Хотя парк, окружавший особняк Берков, был невелик, но там действительно оказалось намного приятнее, чем в бальном зале: воздух, уже по-вечернему свежий и прохладный, приятно холодил лицо. Я неторопливо шла среди деревьев, наслаждаясь тишиной и покоем, и сама не заметила, как по одной из боковых аллей парка добралась до высоких главных ворот, скрывавших дом от глаз маглов.

Я немного постояла, собираясь с силами перед возвращением на скучный бал. Вдруг из-за деревьев, которые росли у ворот, раздался негромкий мужской голос, наполненный сдержанной яростью:

– Потерпите немного, пожалуйста! Что для вас значит месяц?
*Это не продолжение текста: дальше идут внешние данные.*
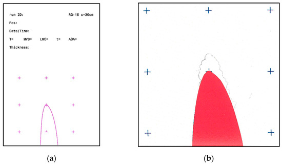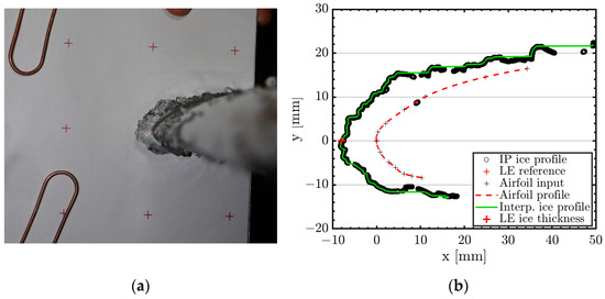 The first step is to take a manual tracing of the ice shape. Manual tracing was the most common method used to obtain information about ice shapes in the past [22,23,24]. First, a clean cut is made in the ice using a heated aluminum plate with a cut-out of the airfoil shape. Then, a paper template is fixed on this aluminum plate and put in the gap in the ice. The ice is traced manually on the paper template using a pencil. An exemplary resulting tracing is shown in Figure 11b. The paper sheet used for this study had a header to insert run-specific information like the run number, the conditions, and the position of the tracing on the wing in a spanwise direction. This information helps one to connect the different tracings with the runs and spanwise positions. Another feature of the paper sheets was that eight red crosses were placed with some distance between them and the airfoil (see Figure 11a). Adding these crosses allows for scaling the results to the original size in the end, independent of possible scaling issues while scanning the tracing or conducting post-processing on the tracing.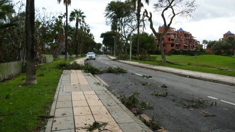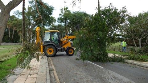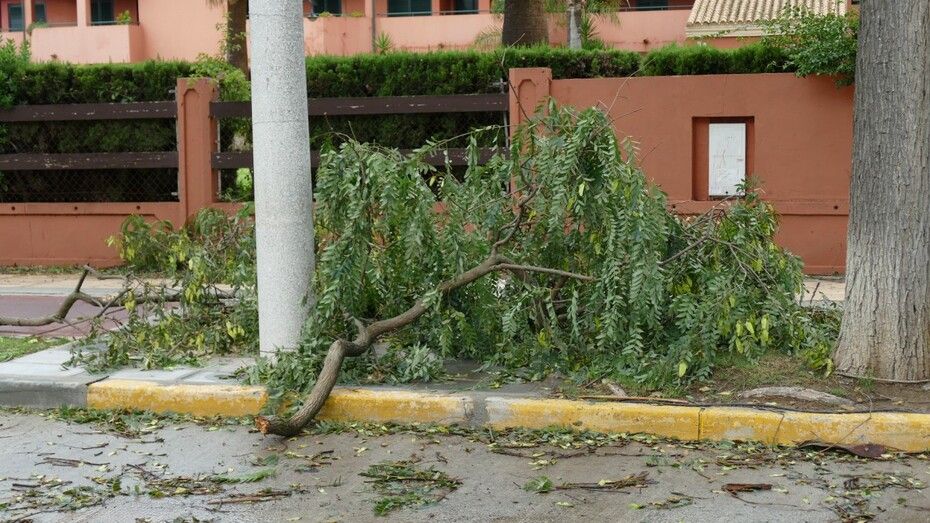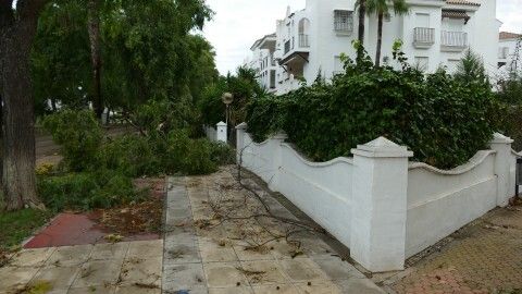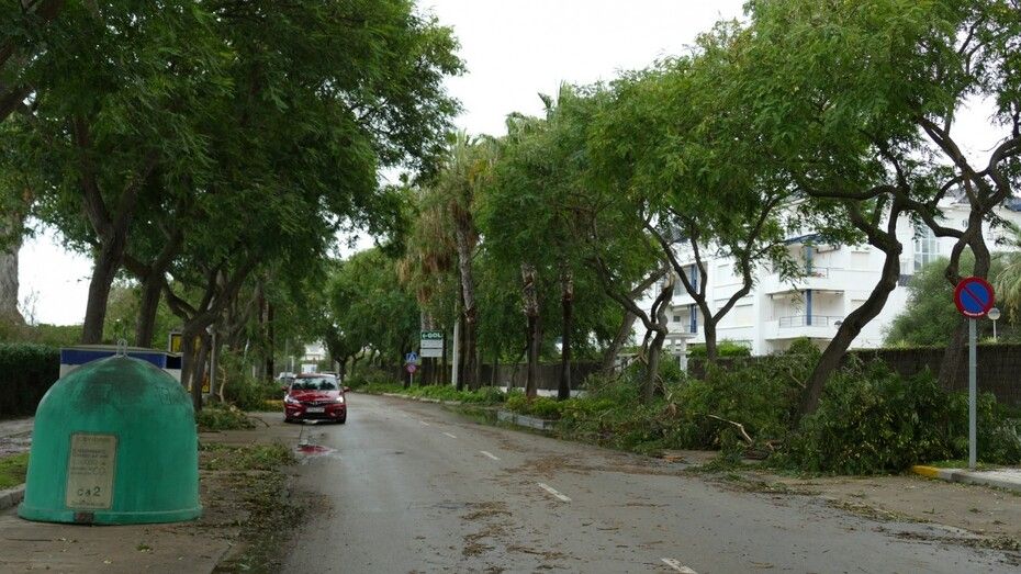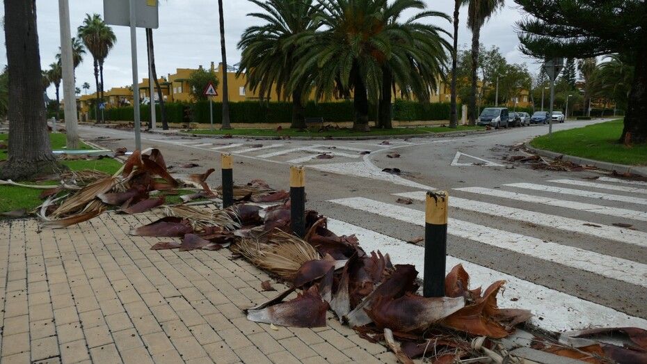 [Img #205238]Aún no se puede cuantificar las pérdidas sufridas en la masa arbórea ya que desde la Entidad Urbanística de Conservación (EUC) de Costa Ballena no dan abasto para retirar ramas, árboles, hojarasca y algunas señales de tráfico o luminarias tumbadas por el fuerte viento. Queda hacer recuento y redactar informes para ver el alcance real del paso de esta borrasca que ha azotado con fuerza.
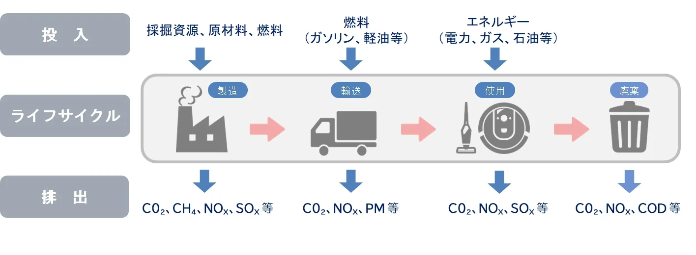 製品が作られる過程から使われる過程、廃棄される過程に至るまでの過程のなかで、資源の使用やエネルギー消費などによる環境負荷(CO₂,HFC等のGHG排出量、NOx,SOx等、資源消費など)がどの程度であるかを評価、分析する手法です。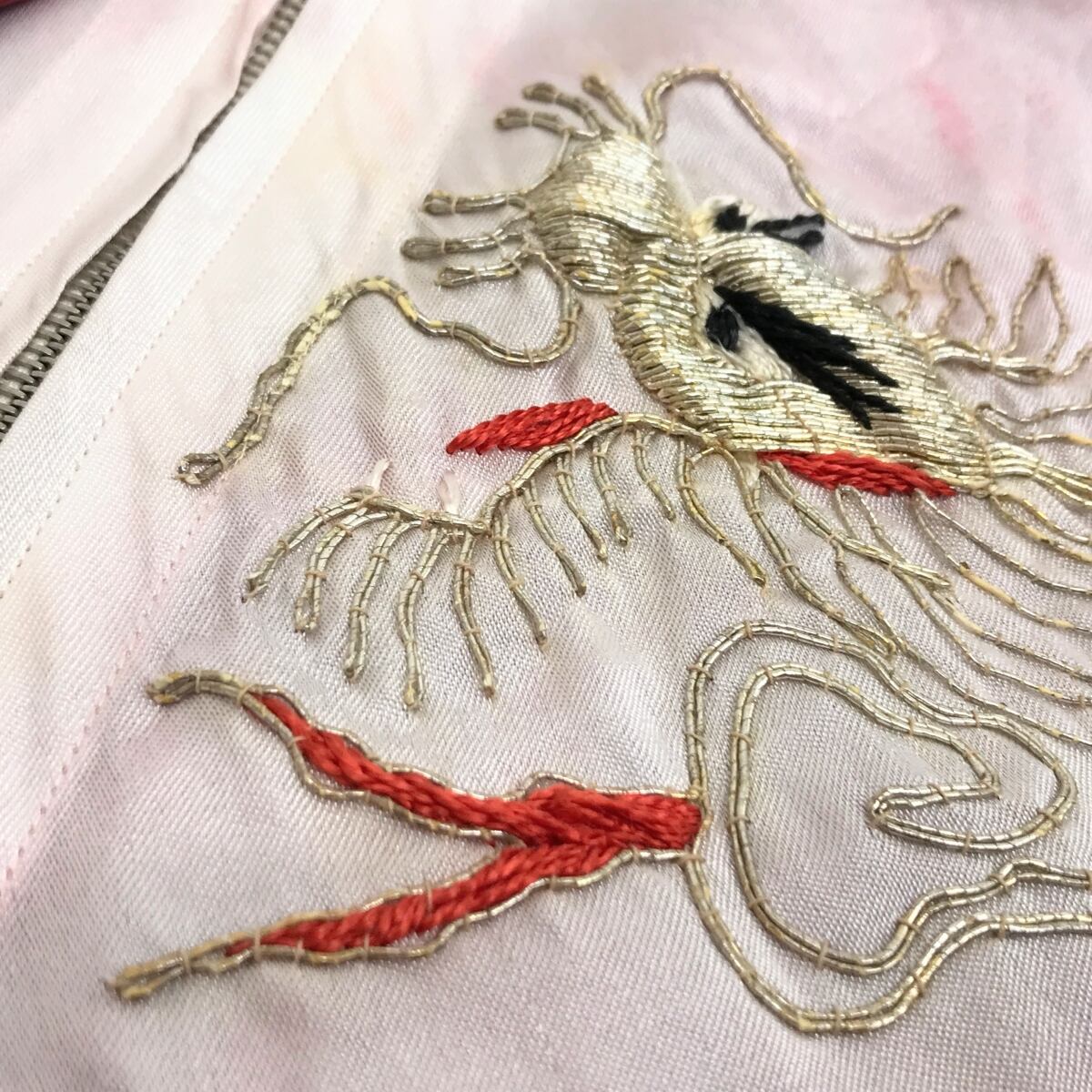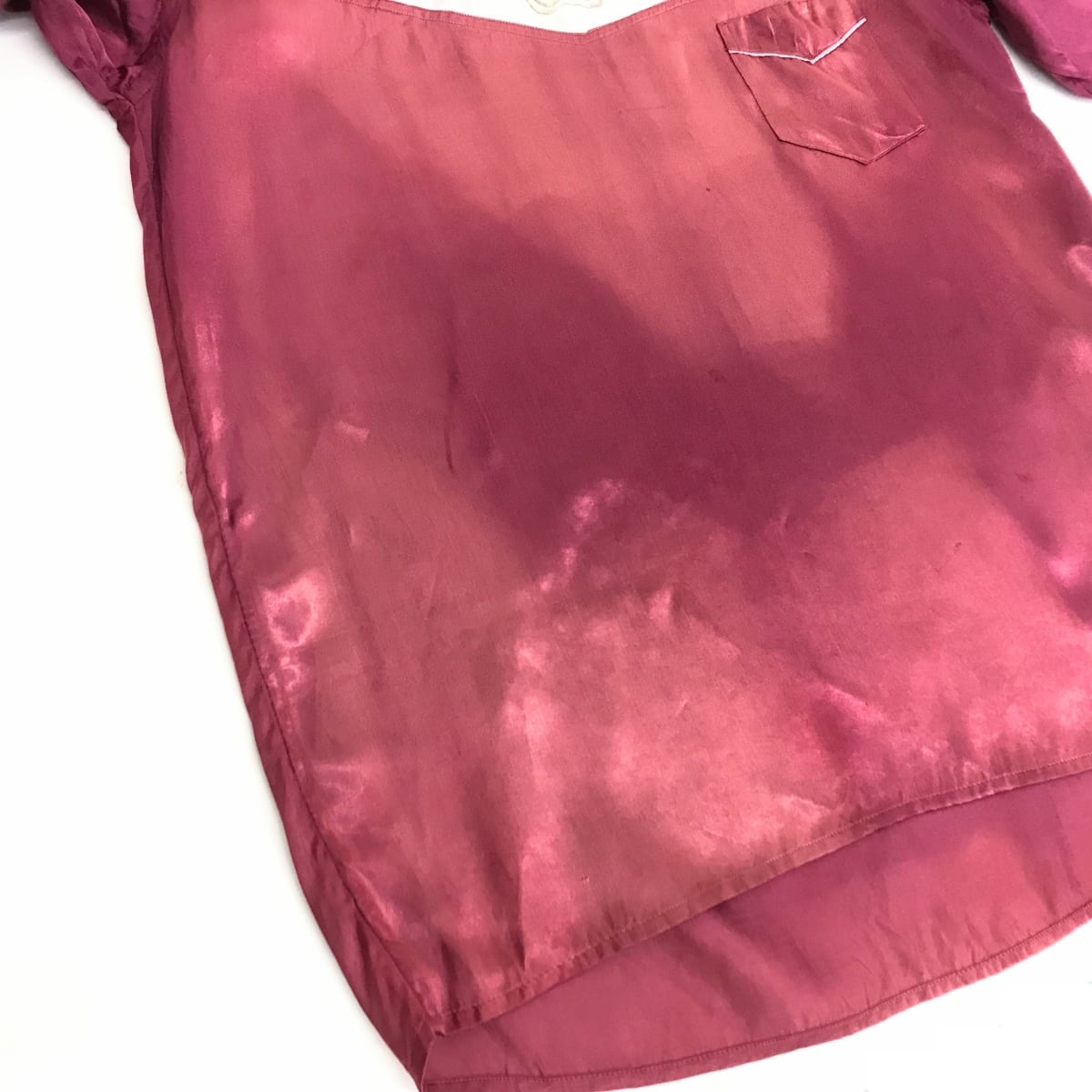 VINTAGE ビンテージ 50年代 シルクサテン スカシャツ 斜めジップ プルオーバー SAKURA ZIPPER 龍 ドラゴン 刺繍 ワイン L 長袖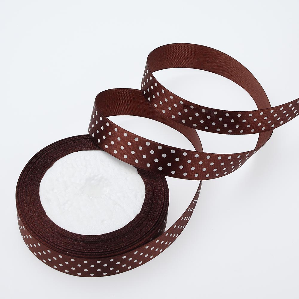 Лента атласная средний горошек 2 см 25 ярдов коричневая 032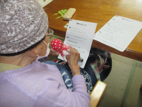 ごぼう先生と手・指の体操を行いましょう

А в начале сентября я верну вам долг с процентами, вдвое большими, чем мы договаривались!

И слова, и особенно тон, которым они были сказаны, удивили меня – нечасто высокородные волшебники столь ярко проявляли свои чувства. Возможно, в иной ситуации я поспешила бы уйти, но сейчас до такой степени изнывала от скуки, что решила остаться и послушать странную беседу, благо деревья скрывали меня очень надежно.

– Месяц отсрочки для меня действительно ничего не значит, сэр, – в голосе кредитора звучала неприкрытая ирония, – но кто гарантирует, что по прошествии данного срока такой важный человек, как вы, все же найдет время выплатить мне долг?

– Моего слова вам недостаточно?! – эти слова были произнесены не с гневом, а с едва сдерживаемым отчаянием. – Я дам вам расписку, если хотите!